Sudah tentu para penanggung jawab masalah Islam di Semenanjung itu adalah poros dan sendi persatuan itu dengan kekuatan kepribadian mereka masing-masing, ajaran-ajaran dan teladan yang mereka berikan. Nabi yang orang Arab dengan risalah Islam yang dibawanya itu adalah sumber dan inti persatuan itu, dan Khalifahnya yang pertama dialah yang telah menumpas segala anasir yang mencoba mengadakan perlawanan. Begitu juga tatkala tanggung jawab berpindah ke tangan Umar. persatuan di Semenanjung itu sudah mulai tampak dan celah-celah tabir. Sekarang tak ada jalan lain haruslah diselesaikan, selama usahanya untuk memperkuat dasar-dasar itu tidak akan memperlemah orang yang harus memikul beban tanggungjawab yang dipikulkan di pundaknya itu.
Tetapi Umar bin Khattab bukan orangnya untuk menjadi lemah. Ia mempunyai kepribadian yang kuat sekalii. Banyak sekali penampilannya yang sudah begitu jelas, serta pengaruhnya yang dapat kita raba, sebelum dan sesudah Islam. Hal ini tampak lebih jelas lagi sesudah kaum Muslimin hijrah ke Medinah. Umar sebagai pendamping (wazir) Rasulullah. seperti juga Abu Bakr. Dalam beberapa hal Umar berbeda pendapat dengan Rasulullah. yang beberapa pendapatnya kemudian dibenarkan oleh Qur’an, seperti halnya dengan masalah tawanan Perang Badr. Di samping itu, keteguhan imannya kepada Allah dan Rasul-Nva membuatnya sebagai Muslim pertama yang tunduk jika wahyu turun kendati berlawanan dengan pendapatnya, dan yang pertama pula meneladani Rasulullah. jika ada suatu masalah dalam pengalamannya. Umar juga banyak berbeda dengan Abu Bakr, selama masa kekhalifahannya.

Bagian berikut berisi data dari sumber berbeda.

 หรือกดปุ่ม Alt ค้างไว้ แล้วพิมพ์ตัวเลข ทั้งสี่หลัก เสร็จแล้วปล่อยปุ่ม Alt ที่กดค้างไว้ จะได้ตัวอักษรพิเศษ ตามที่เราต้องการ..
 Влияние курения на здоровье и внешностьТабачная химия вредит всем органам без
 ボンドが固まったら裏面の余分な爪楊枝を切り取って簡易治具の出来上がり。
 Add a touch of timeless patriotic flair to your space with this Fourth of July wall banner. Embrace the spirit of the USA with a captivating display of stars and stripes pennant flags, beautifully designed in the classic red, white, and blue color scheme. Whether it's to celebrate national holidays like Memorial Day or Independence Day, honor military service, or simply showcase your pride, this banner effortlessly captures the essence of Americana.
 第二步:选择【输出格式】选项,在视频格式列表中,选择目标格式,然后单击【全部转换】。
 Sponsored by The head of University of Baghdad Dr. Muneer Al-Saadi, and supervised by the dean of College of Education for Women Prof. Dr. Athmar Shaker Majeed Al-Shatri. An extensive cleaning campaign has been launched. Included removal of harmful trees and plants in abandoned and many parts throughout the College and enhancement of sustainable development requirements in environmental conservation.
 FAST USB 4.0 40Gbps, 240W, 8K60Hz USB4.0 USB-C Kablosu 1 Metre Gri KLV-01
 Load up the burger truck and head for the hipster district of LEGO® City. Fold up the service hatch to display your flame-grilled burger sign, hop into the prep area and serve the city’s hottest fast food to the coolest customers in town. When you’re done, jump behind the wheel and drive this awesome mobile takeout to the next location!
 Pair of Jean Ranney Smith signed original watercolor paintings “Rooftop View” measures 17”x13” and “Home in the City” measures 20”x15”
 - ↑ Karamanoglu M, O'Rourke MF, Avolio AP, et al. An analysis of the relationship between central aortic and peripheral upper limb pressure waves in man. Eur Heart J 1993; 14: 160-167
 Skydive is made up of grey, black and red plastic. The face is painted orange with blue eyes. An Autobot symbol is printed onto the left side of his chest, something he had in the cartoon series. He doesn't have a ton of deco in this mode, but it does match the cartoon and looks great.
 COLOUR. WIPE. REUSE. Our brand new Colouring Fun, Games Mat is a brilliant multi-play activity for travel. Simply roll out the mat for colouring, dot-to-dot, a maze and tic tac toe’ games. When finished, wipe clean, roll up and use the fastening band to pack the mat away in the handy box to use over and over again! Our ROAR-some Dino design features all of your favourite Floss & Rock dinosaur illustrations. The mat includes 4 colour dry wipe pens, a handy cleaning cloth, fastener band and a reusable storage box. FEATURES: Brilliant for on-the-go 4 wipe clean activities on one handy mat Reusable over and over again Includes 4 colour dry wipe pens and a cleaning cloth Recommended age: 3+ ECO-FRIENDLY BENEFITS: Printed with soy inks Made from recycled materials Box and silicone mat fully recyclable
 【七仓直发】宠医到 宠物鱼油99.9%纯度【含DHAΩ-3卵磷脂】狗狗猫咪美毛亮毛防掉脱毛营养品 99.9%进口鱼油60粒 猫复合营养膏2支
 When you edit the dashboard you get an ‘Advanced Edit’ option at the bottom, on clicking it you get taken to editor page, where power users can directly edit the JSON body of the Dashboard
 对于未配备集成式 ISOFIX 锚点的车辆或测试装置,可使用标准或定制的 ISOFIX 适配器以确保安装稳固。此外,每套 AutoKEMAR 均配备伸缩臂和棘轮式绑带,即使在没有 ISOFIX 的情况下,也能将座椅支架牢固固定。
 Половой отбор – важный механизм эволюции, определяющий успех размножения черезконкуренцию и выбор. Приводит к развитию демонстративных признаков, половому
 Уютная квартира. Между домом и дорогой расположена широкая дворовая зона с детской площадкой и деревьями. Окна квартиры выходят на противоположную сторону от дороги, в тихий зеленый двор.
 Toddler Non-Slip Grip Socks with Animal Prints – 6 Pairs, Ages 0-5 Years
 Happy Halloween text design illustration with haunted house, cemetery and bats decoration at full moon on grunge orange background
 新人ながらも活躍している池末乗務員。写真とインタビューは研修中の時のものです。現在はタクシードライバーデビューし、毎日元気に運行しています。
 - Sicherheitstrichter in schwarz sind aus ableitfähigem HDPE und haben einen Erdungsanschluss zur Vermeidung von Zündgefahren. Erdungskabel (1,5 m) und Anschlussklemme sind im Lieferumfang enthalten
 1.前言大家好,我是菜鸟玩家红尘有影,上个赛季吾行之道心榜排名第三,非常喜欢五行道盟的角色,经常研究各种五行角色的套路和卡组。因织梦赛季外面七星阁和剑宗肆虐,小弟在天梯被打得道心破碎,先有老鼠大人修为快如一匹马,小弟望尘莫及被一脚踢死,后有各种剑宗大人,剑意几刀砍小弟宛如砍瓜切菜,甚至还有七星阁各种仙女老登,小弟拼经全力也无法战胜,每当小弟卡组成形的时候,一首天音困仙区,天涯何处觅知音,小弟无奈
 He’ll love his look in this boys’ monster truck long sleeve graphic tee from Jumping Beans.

Kalau Abu Bakr bersikeras dengan pendapatnya Umar pun tunduk, sebab Abu Bakr adalah yang bertanggung jawab. Tetapi ketaatannya itu tak pernah sampai menghilangkan kepribadiannya. Dalam meneladani Rasulullah ia tidak melupakan pula untuk membedakan antara Sunah Rasulullah sallaallahu ‘alaihi wasallam yang berlaku abadi dengan peristiwa-peristiwa yang berlaku sementara. Bukan tidak mungkin ia masih akan mengoreksinya dan meminta mempertimbangkan pertimbangkan kembali tanpa menganggap hal itu aneh, dengan keyakinan bahwa kalau Rasulullah masih diberi panjang umur, niscaya ia masih akan mengoreksinya dan masih akan memintanya mempertimbangkan kembali.
-------------------------
Umar bin Khattab, Sebuah Tela'ah Mendalam Tentang Pertumbuhan Islam dan Kedaulatannya, Muhammad Husain Haekal,diterbitkan oleh Litera Antar Nusa, Cetakan Kesebelas, Februari 2011, halaman 590-595.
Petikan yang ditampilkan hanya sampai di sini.